TASK DATA:
=== Begin Enclosure ===

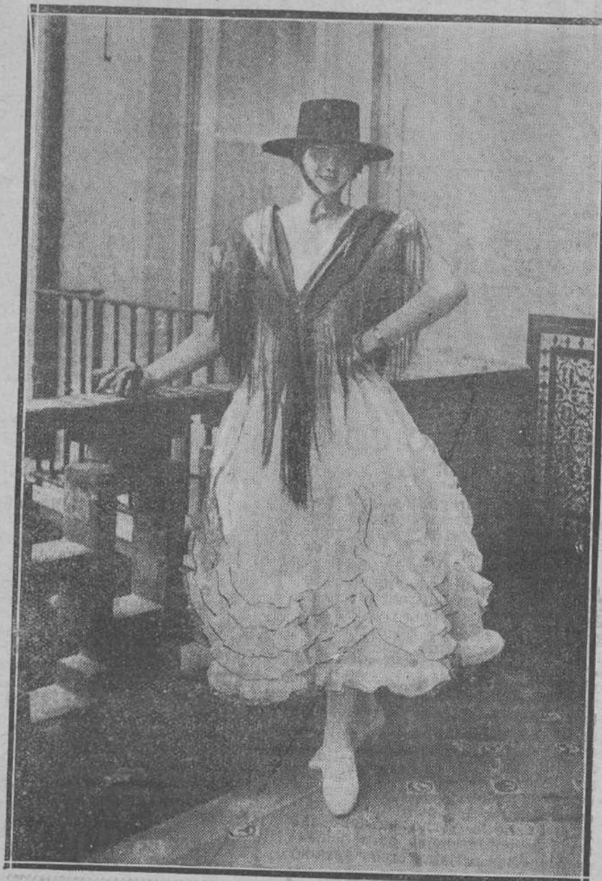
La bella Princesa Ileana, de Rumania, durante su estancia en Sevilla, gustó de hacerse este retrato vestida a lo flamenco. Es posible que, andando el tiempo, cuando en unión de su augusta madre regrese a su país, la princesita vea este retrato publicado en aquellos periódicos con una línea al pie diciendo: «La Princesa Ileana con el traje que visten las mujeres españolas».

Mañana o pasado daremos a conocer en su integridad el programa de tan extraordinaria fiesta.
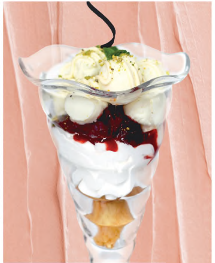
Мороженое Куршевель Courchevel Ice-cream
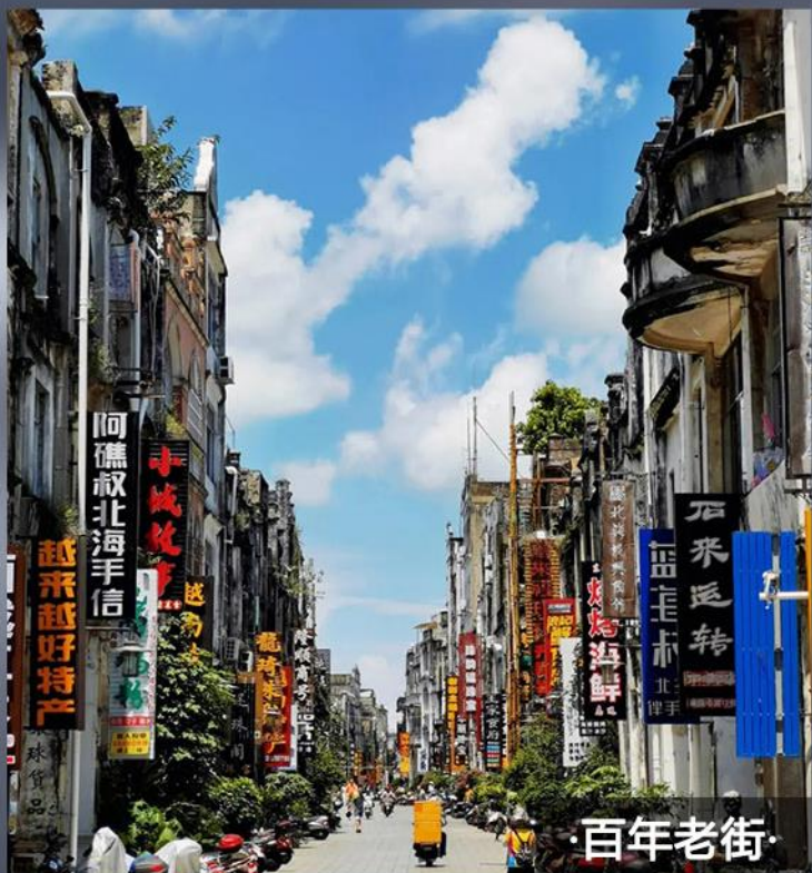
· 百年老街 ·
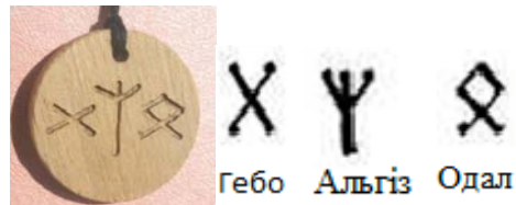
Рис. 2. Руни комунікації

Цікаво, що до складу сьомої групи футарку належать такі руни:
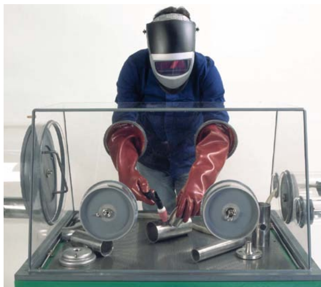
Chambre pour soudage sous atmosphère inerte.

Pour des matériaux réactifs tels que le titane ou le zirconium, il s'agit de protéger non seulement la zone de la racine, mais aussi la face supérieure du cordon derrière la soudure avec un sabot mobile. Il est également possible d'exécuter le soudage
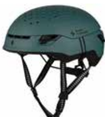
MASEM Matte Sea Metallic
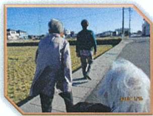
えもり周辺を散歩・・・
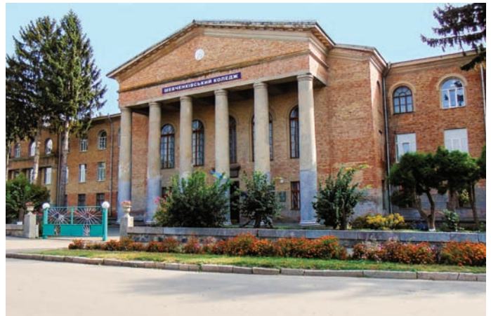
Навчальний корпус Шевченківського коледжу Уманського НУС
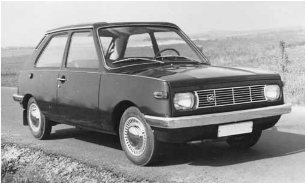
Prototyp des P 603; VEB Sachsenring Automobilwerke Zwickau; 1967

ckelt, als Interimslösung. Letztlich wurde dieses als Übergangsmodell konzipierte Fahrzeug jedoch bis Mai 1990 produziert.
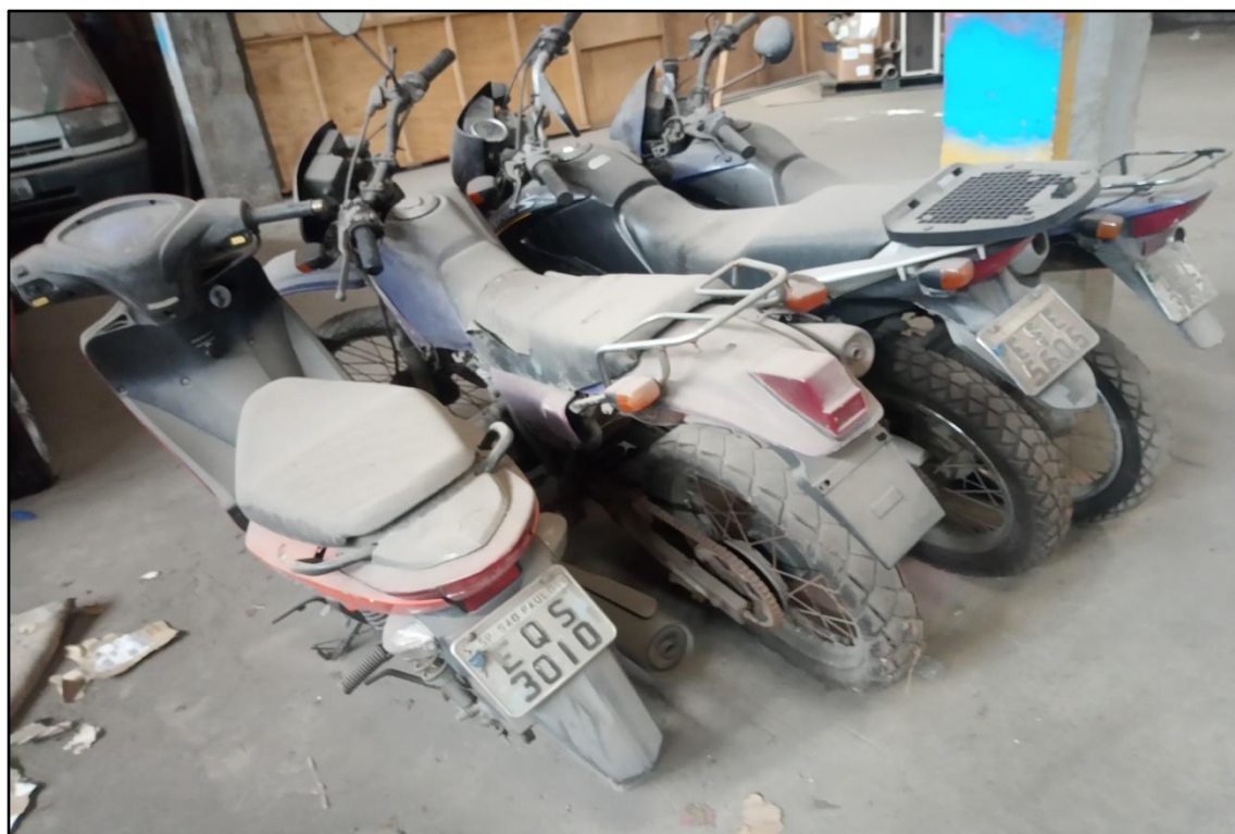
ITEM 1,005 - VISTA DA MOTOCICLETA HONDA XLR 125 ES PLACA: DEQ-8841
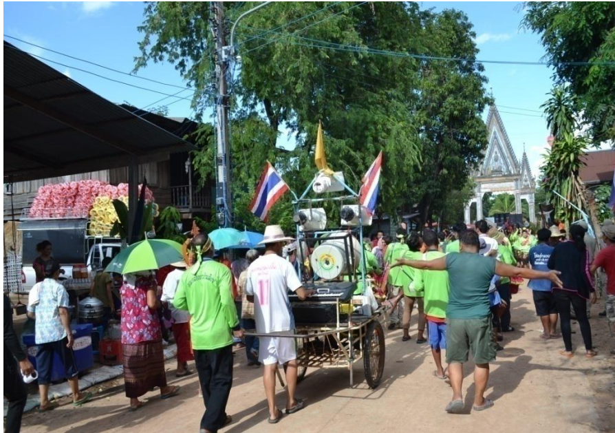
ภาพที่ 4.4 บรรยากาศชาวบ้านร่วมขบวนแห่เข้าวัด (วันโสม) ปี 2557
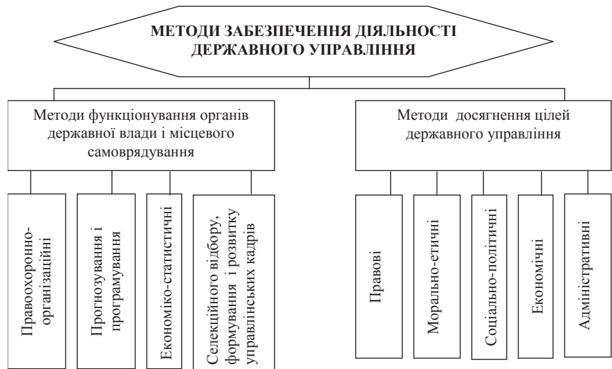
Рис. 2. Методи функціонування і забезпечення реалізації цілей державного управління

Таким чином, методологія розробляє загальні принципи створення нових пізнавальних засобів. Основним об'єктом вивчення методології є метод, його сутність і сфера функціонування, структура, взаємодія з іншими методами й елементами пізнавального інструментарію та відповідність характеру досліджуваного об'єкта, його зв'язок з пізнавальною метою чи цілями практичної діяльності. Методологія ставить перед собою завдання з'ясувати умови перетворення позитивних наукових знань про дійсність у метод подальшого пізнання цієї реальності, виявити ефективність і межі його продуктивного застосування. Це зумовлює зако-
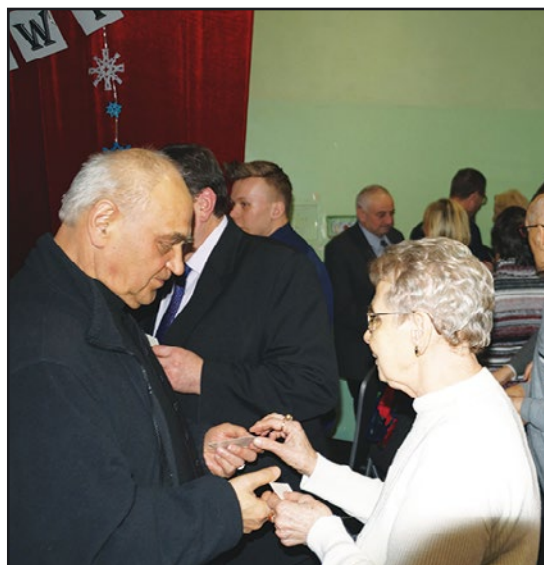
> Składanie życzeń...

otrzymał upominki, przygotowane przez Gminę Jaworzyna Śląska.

=== End Enclosure ===
=== Begin Enclosure ===

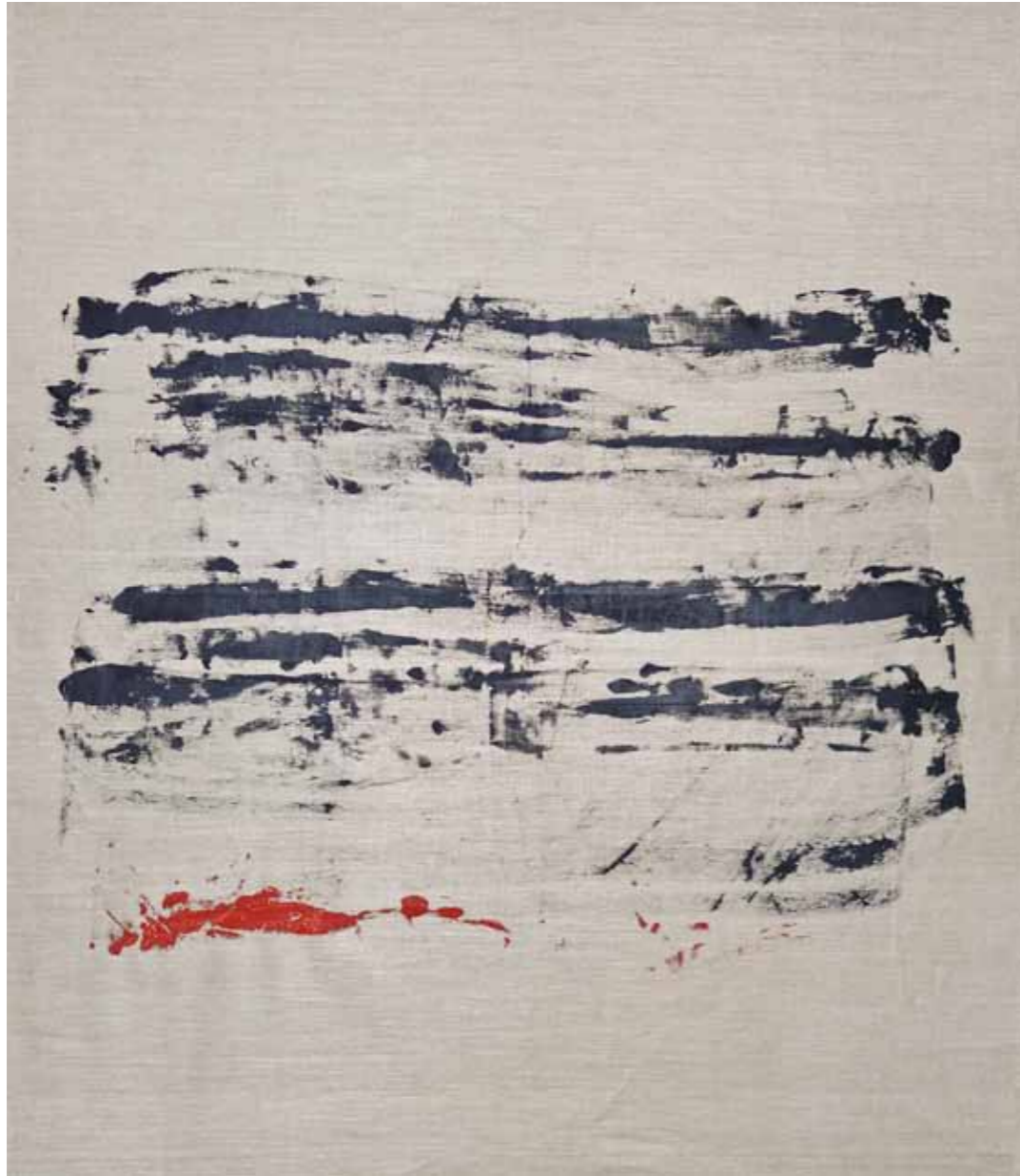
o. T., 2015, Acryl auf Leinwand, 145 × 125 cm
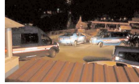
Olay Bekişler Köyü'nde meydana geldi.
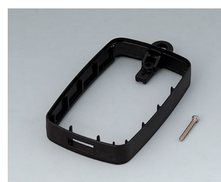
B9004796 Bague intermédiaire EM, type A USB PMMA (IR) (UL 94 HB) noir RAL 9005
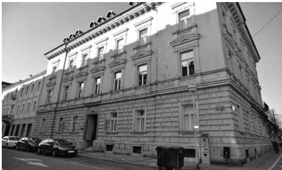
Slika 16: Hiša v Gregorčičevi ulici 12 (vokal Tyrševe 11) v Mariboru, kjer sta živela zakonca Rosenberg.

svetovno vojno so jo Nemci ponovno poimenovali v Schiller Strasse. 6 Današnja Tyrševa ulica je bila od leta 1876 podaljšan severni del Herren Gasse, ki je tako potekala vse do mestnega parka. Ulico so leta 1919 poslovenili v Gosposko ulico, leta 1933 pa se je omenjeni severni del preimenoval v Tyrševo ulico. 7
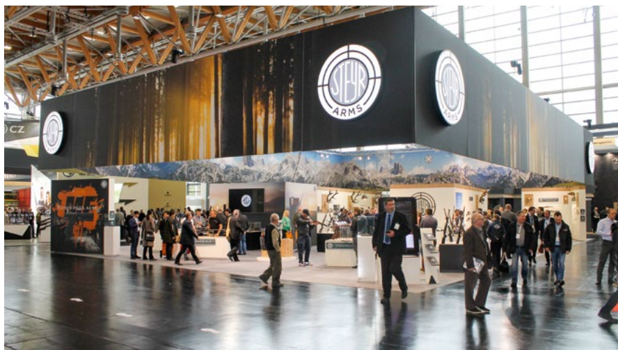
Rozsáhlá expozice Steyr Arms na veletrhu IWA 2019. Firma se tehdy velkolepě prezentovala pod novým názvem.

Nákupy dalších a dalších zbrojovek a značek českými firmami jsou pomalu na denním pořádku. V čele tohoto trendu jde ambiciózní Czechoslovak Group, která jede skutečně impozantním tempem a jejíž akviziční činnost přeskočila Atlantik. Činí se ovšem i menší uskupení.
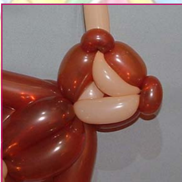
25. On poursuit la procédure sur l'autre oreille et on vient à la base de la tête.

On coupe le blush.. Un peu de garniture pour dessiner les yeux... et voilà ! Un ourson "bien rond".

=== End Enclosure ===

PROBLEM REQUIREMENTS: Scan the listing above and work out how many of its lines contain the word "функціонування". Report only that number.

ANSWER TO THE PROBLEM: 2